As far as incident response (IR) goes, organizations are going to need to ramp up their IR plans if the SEC rules end up being adopted, according to Joseph Carson, chief security scientist at privileged access management firm Delinea.

Currently, four days after the discovery of a data breach, many organizations “are still trying to identify the impact,” Carson said.

Thus, many security teams would need to shift to a position of being “IR-ready” if the SEC rules are adopted, he said.

Brian Fox, CTO of application security firm Sonatype, said he questions whether four days is the right amount of time for requiring cyber incident disclosure, though.

Too short?

In severe attacks, companies are still usually in triage and response mode — where sufficient details are not yet known, Fox said. That could potentially lead to misreported information, he said.

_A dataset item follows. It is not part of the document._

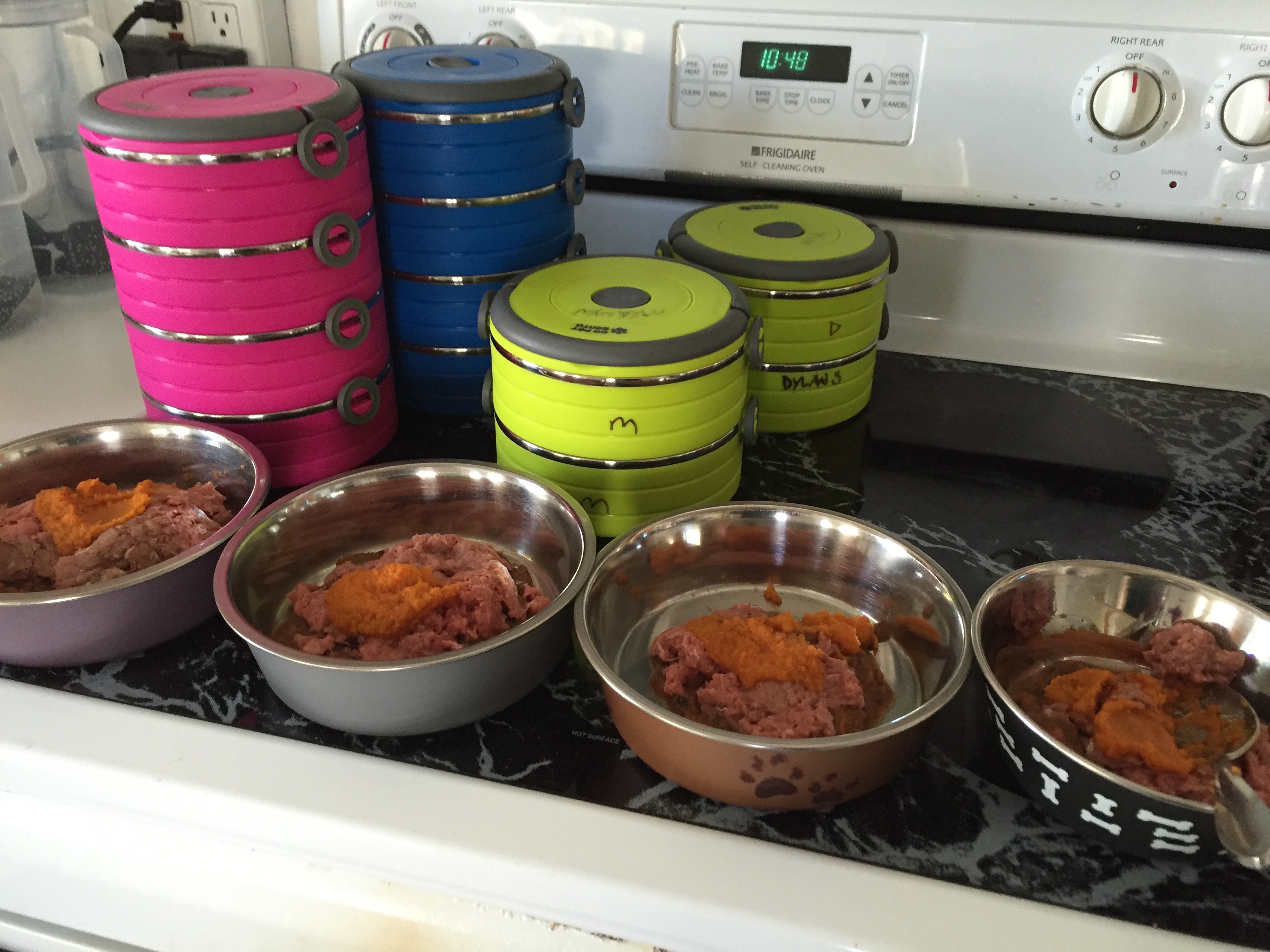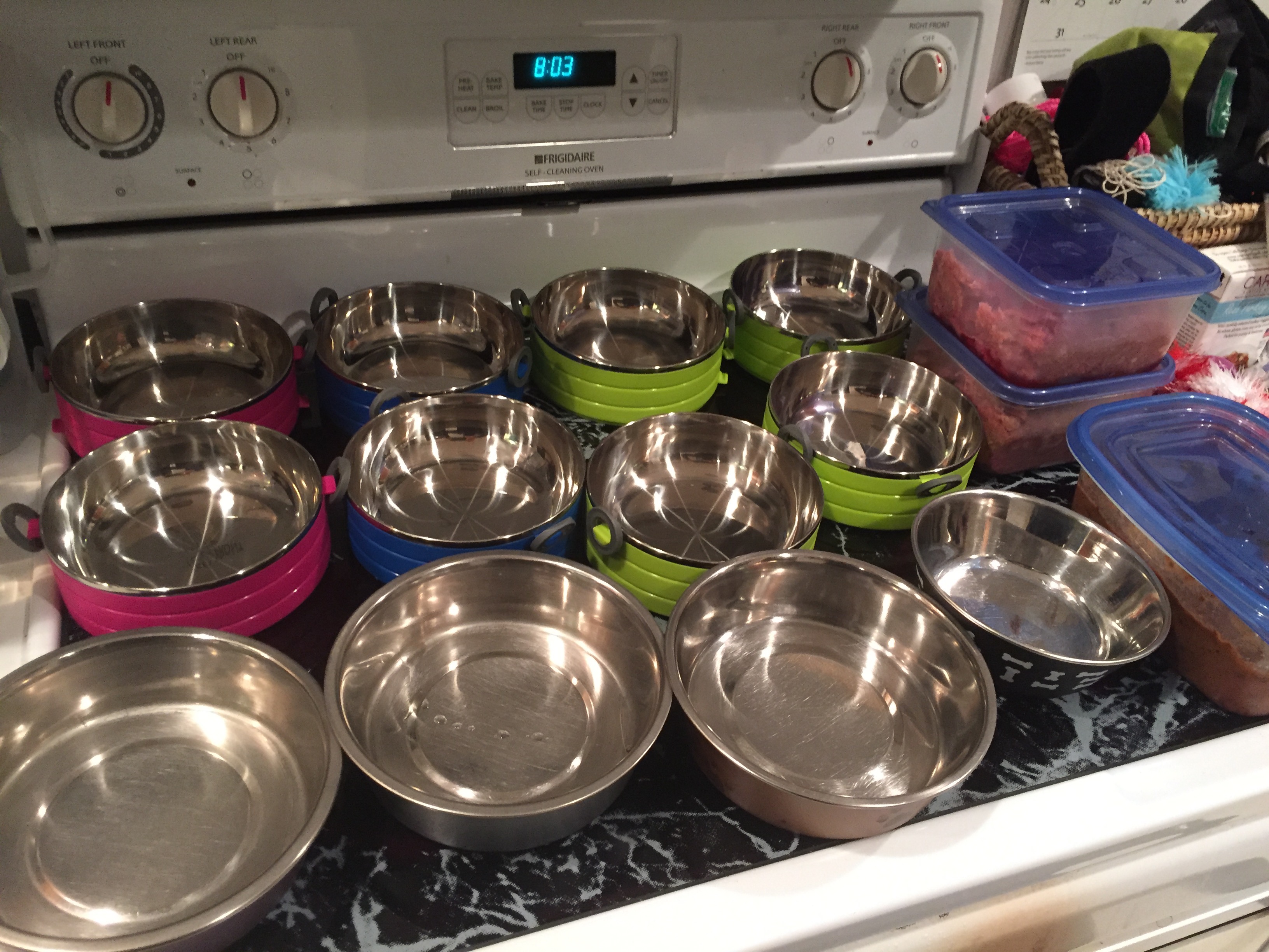 This is just a minuscule view of what food prep around here looks like! Found some great stackable bowls that let me make meals 2-3 ahead. Woo hoo!!!!

In general, though, “more transparency will lead to more accountability and investment in proper protections within organizations,” Fox said.

If the rules are adopted, and businesses end up in a “scramble to validate their posture,” many will realize that “their security solutions are underperforming,” said Davis McCarthy, principal security researcher at cloud-native network security services firm Valtix.

“Companies will want to offload their risk,” McCarthy said, which could further accelerate the shift to cloud platforms that take responsibility for securing hardware infrastructure.

Another notable component of the proposed rules is a section that would require the disclosure of any board member who has expertise in cybersecurity. That would potentially highlight whether a company’s board “has the right people doing the job,” McCarthy said.

‘About time’

All in all, the adoption of these rules should have a positive effect on cybersecurity as a whole, executives said.

Without a doubt, “increased reporting on cyber posture and what companies are using for risk management will drive additional investment in this area,” said Padraic O’Reilly, cofounder of cyber risk management firm CyberSaint.

And “it’s about time,” said Alberto Yepez, cofounder and managing director at venture firm Forgepoint Capital — given the many indications that overall security posture among businesses is headed in the wrong direction.

For instance, 83% of organizations experienced a successful email-based phishing attack in 2021, versus 57% the year before, according to Proofpoint. Meanwhile, data leaks related to ransomware surged 82% in 2021 compared to 2020, CrowdStrike data shows.

Hopefully, with the new cyberattack disclosure requirements proposed by the SEC, “this is the beginning of a tsunami of change in corporate governance,” Yepez said.